**Task requirements:**
The required answer is an exact copy of the records below, without pictures.

**Supplied material:**
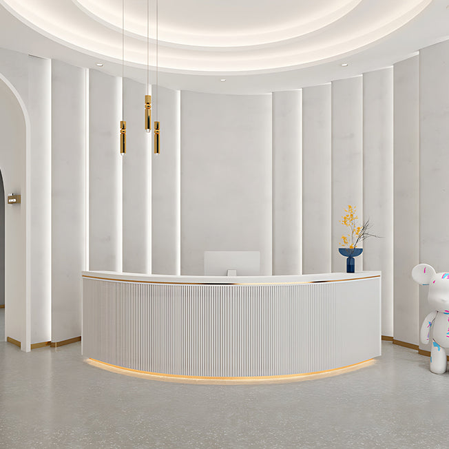 Simple Modern Round Bar Cashier Table JDT-K072 Everyone, focus your eyes here! This reception desk features flexible curved lines that outline a unique and elegant silhouette. The simple and stylish countertop design perfectly blends simplicity and practicality....
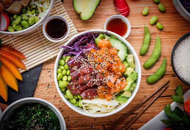 - Edamame, dés de saumon et de thon mariné, choux rouge et choux blanc, avocat, concombre
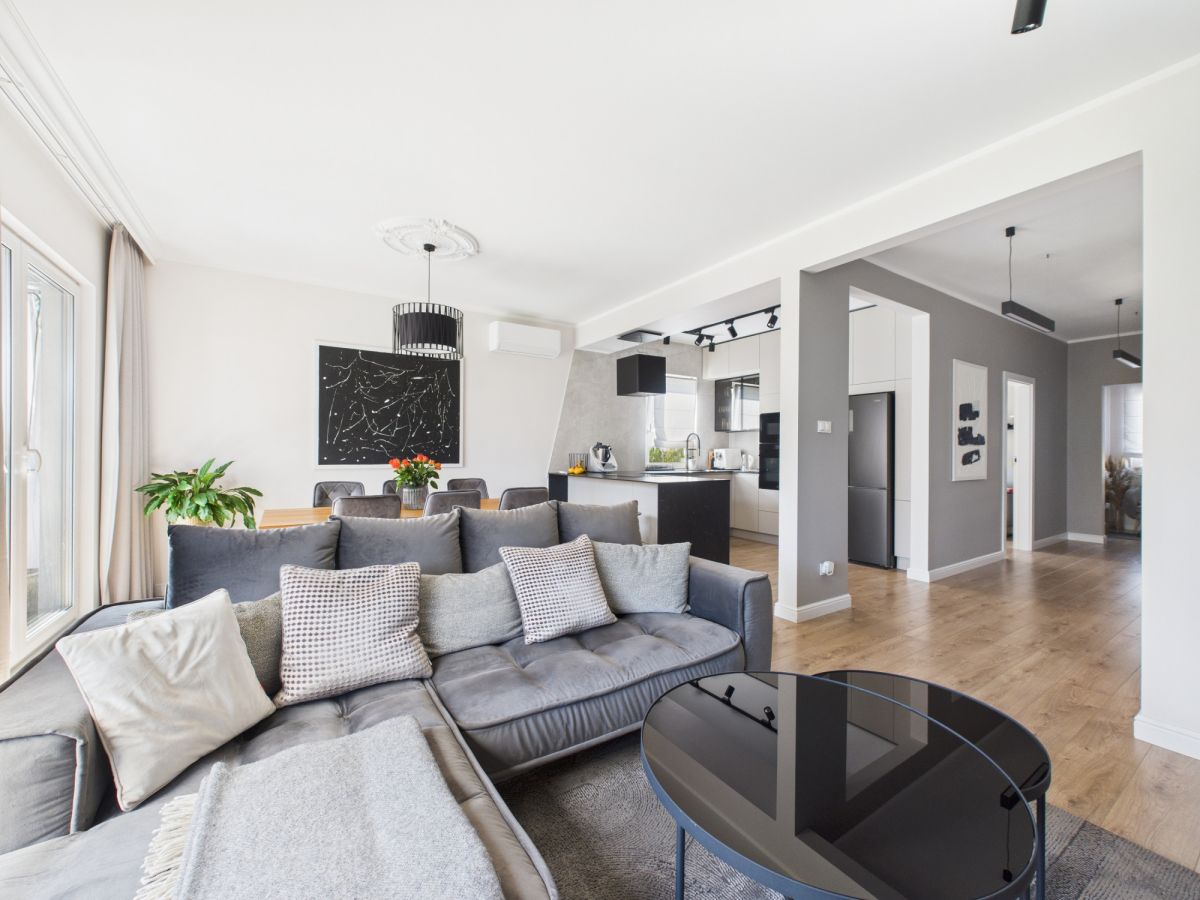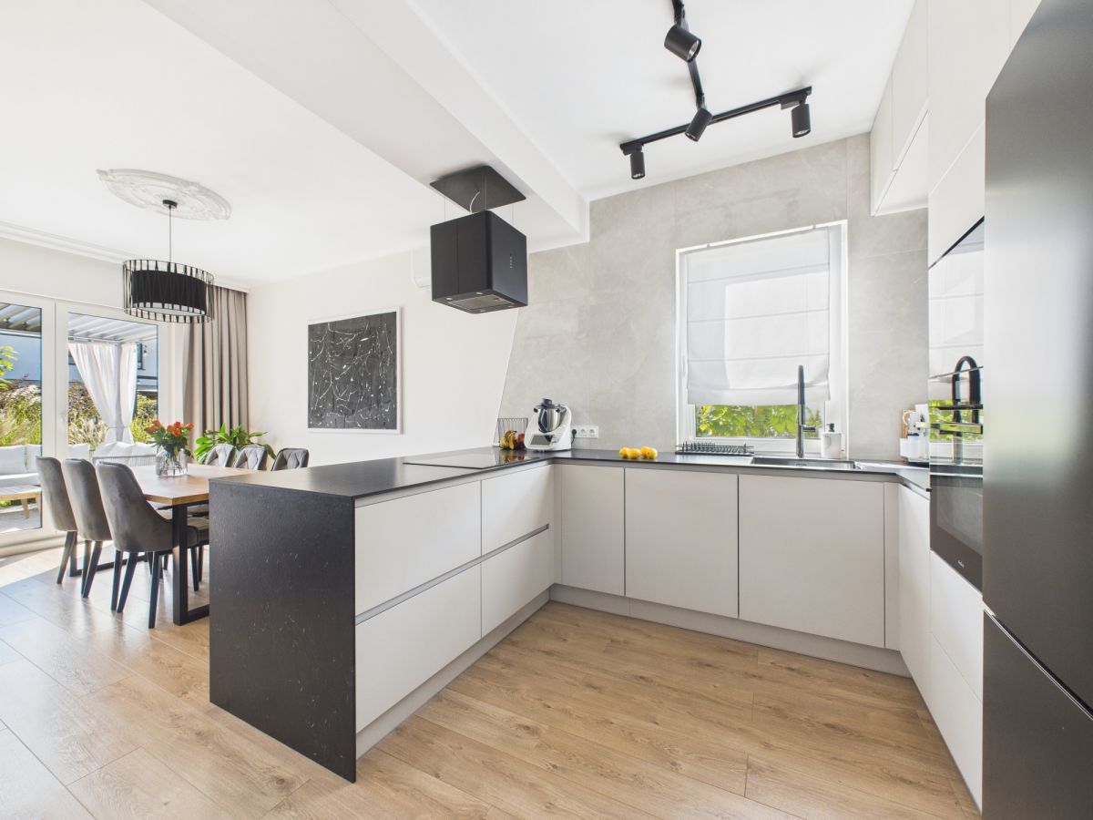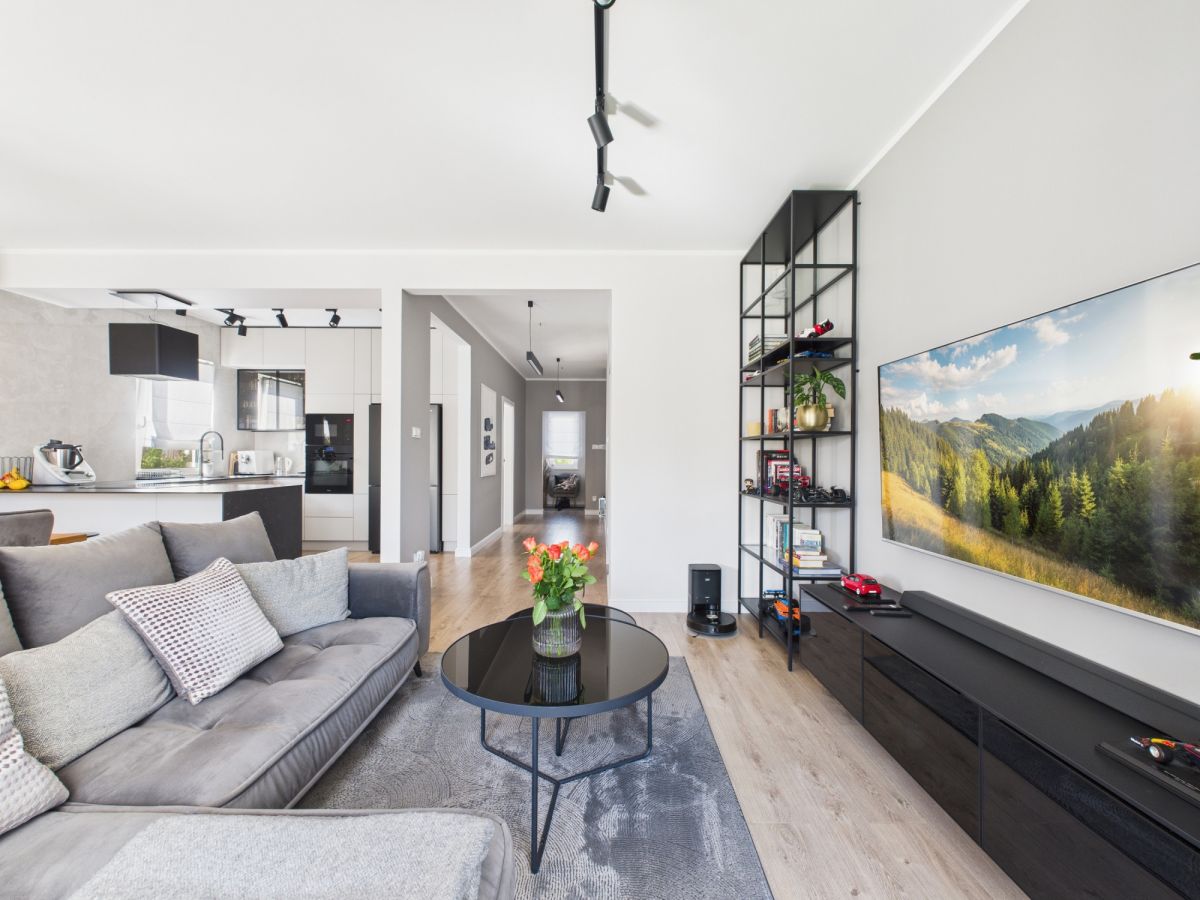 przestronny salon z aneksem kuchennym - serce domu z wyjściem na taras i ogród,
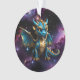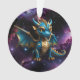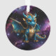 Ornamento de árvores de Natal apresentando um doce dragão azul estilo Chibi contra a vastidão do espaço
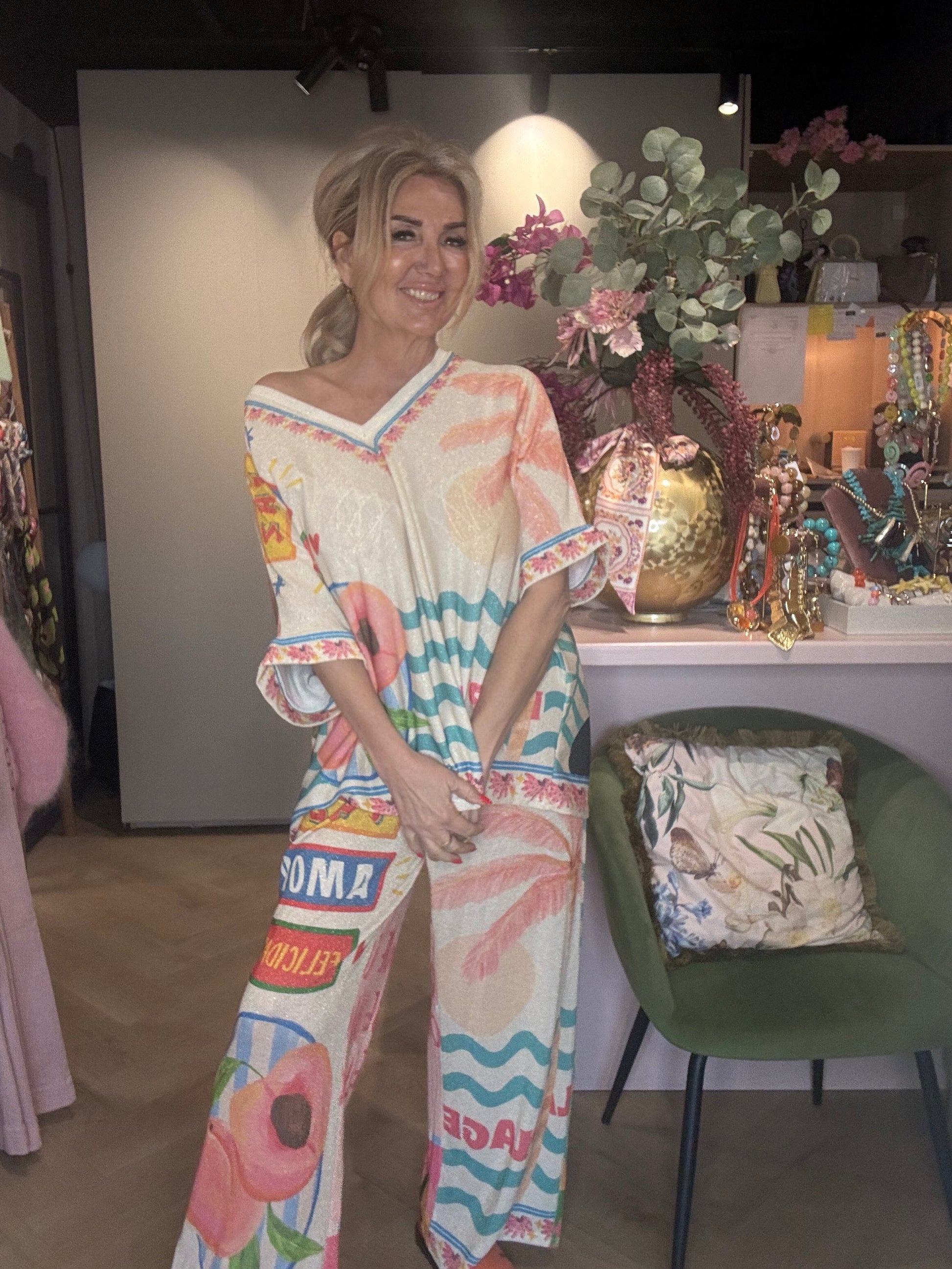 De combinatie van pastelkleuren, verfijnde prints en dat subtiele lurex gouden shimmerdraadje zorgt voor een luxe en zomerse uitstraling. Perfect voor een dagje shoppen, terras, vakantie of een zomerse avond ✨
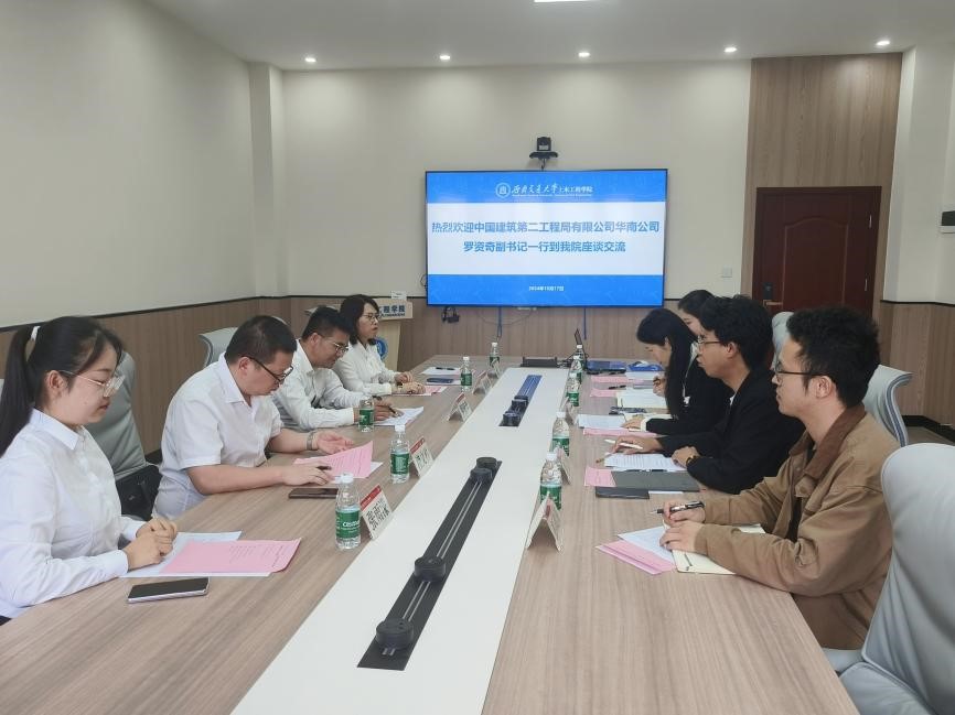 2024年10月18日下午16:00,中建二局华南公司党委副书记、工会主席罗资奇、华南公司人力资源部经理郭建伟、华南公司东莞分公司党总支副书记褚文科、华南公司东莞分公司综合办公室主任王龙、华南公司人力资源部招聘经理张雨濛一行走访bat365中文官方网站,并于犀浦校区X4417B会议室开展校企合作座谈交流,土木工程学院党委副书记刘萍、辅导员李江怀、杨颖钊、彭政涛、孟迪参与此次座谈。本次会议由李江怀主持。

**Response below:**
 Simple Modern Round Bar Cashier Table JDT-K072 Everyone, focus your eyes here! This reception desk features flexible curved lines that outline a unique and elegant silhouette. The simple and stylish countertop design perfectly blends simplicity and practicality....
 - Edamame, dés de saumon et de thon mariné, choux rouge et choux blanc, avocat, concombre
 przestronny salon z aneksem kuchennym - serce domu z wyjściem na taras i ogród,
 Ornamento de árvores de Natal apresentando um doce dragão azul estilo Chibi contra a vastidão do espaço
 De combinatie van pastelkleuren, verfijnde prints en dat subtiele lurex gouden shimmerdraadje zorgt voor een luxe en zomerse uitstraling. Perfect voor een dagje shoppen, terras, vakantie of een zomerse avond ✨
 2024年10月18日下午16:00,中建二局华南公司党委副书记、工会主席罗资奇、华南公司人力资源部经理郭建伟、华南公司东莞分公司党总支副书记褚文科、华南公司东莞分公司综合办公室主任王龙、华南公司人力资源部招聘经理张雨濛一行走访bat365中文官方网站,并于犀浦校区X4417B会议室开展校企合作座谈交流,土木工程学院党委副书记刘萍、辅导员李江怀、杨颖钊、彭政涛、孟迪参与此次座谈。本次会议由李江怀主持。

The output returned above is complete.